Spatio-Temporal Relevance Classification from Geographic Texts Using Deep Learning
Miao Tian, Xinxin Hu, Jiakai Huang, Kai Ma, Haiyan Li, Shuai Zheng, Liufeng Tao, Qinjun Qiu- Earth and Planetary Sciences (miscellaneous)
- Computers in Earth Sciences
- Geography, Planning and Development
The growing proliferation of geographic information presents a substantial challenge to the traditional framework of a geographic information analysis and service. The dynamic integration and representation of geographic knowledge, such as triples, with spatio-temporal information play a crucial role in constructing a comprehensive spatio-temporal knowledge graph and facilitating the effective utilization of spatio-temporal big data for knowledge-driven service applications.
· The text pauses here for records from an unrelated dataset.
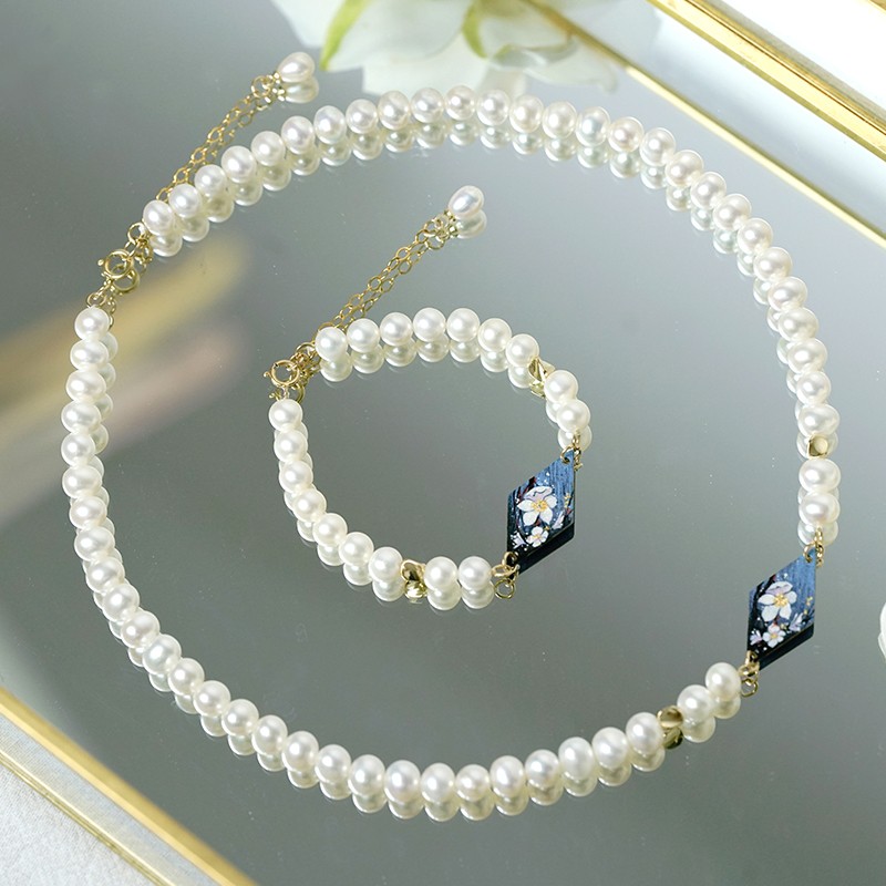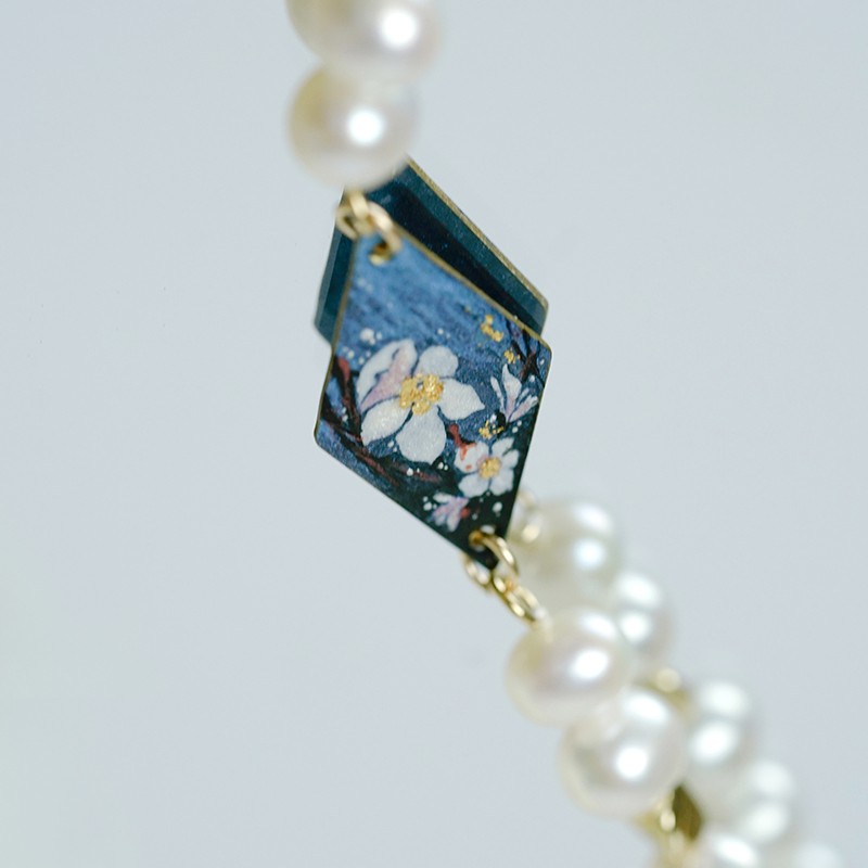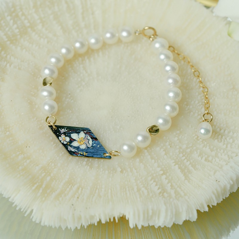 绘间手绘【海棠-法式q珍珠手链】气质超仙蓝色贝国潮礼物耳环耳夹
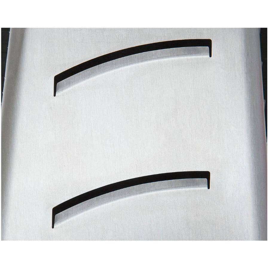 The four-sided box grater has micro-etched edges for sharper more precise cutting. Stainless steel with non-slip rubber footing this grater, with three grating and one slicing surface, will help make meal prep a breeze.
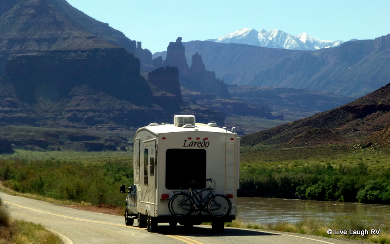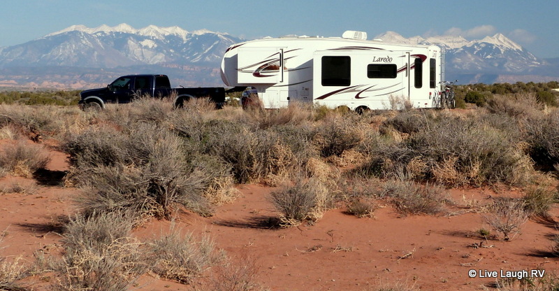 Alas, not wanting to dip into savings or go into debt for an RV, we traded in all the toys for a new 2011 Keystone Laredo 266RL 5th wheel. At a modest 31 feet long, we knew she could squeeze into a lot of National Parks, National Forests, and State Parks. For us, it’s all about location and views. And let’s face it….. size does matter!
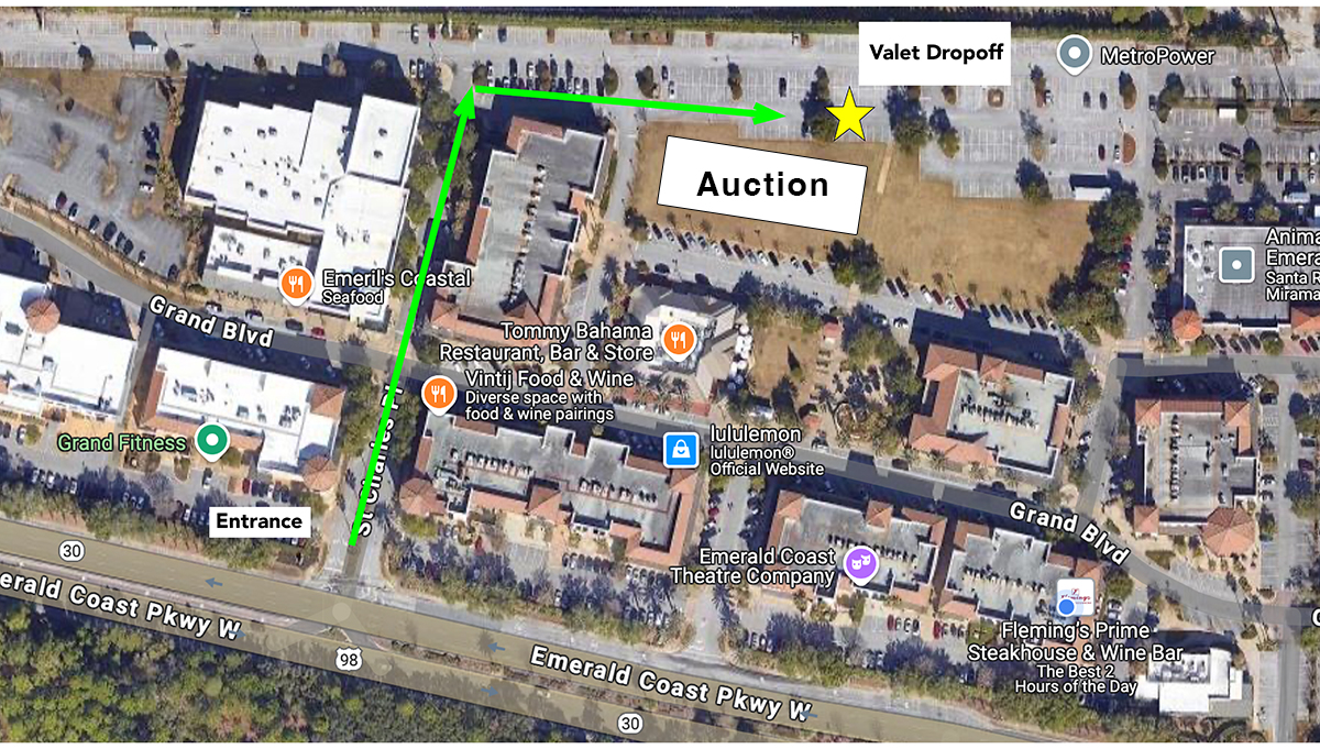 For guests wanting to utilize valet - Enter from Hwy 98 at the turn into Grand Blvd by Vin'tij Food & Wine. Continue North toward the parking lot and take a right beyond Building 495 (Chico's, The Jewel, Spaces, etc.) *Traffic patterns in Grand Boulevard Town Center will be altered to streamline the valet and parking process this year, please follow the directions listed above for convenience.

The existing knowledge graph (or geographic knowledge graph) takes spatio-temporal as the attribute of entity, ignoring the role of spatio-temporal information for accurate retrieval of entity objects and adaptive expression of entity objects. This study approaches the correlation between geographic knowledge and spatio-temporal information as a text classification problem, with the aim of addressing the challenge of establishing meaningful connections among spatio-temporal data using advanced deep learning techniques. Specifically, we leverage Wikipedia as a valuable data source for collecting and filtering geographic texts. The Open Information Extraction (OpenIE) tool is employed to extract triples from each sentence, followed by manual annotation of the sentences’ spatio-temporal relevance. This process leads to the formation of quadruples (time relevance/space relevance) or quintuples (spatio-temporal relevance). Subsequently, a comprehensive spatio-temporal classification dataset is constructed for experiment verification. Ten prominent deep learning text classification models are then utilized to conduct experiments covering various aspects of time, space, and spatio-temporal relationships. The experimental results demonstrate that the Bidirectional Encoder Representations from Transformer-Region-based Convolutional Neural Network (BERT-RCNN) model exhibits the highest performance among the evaluated models. Overall, this study establishes a foundation for future knowledge extraction endeavors.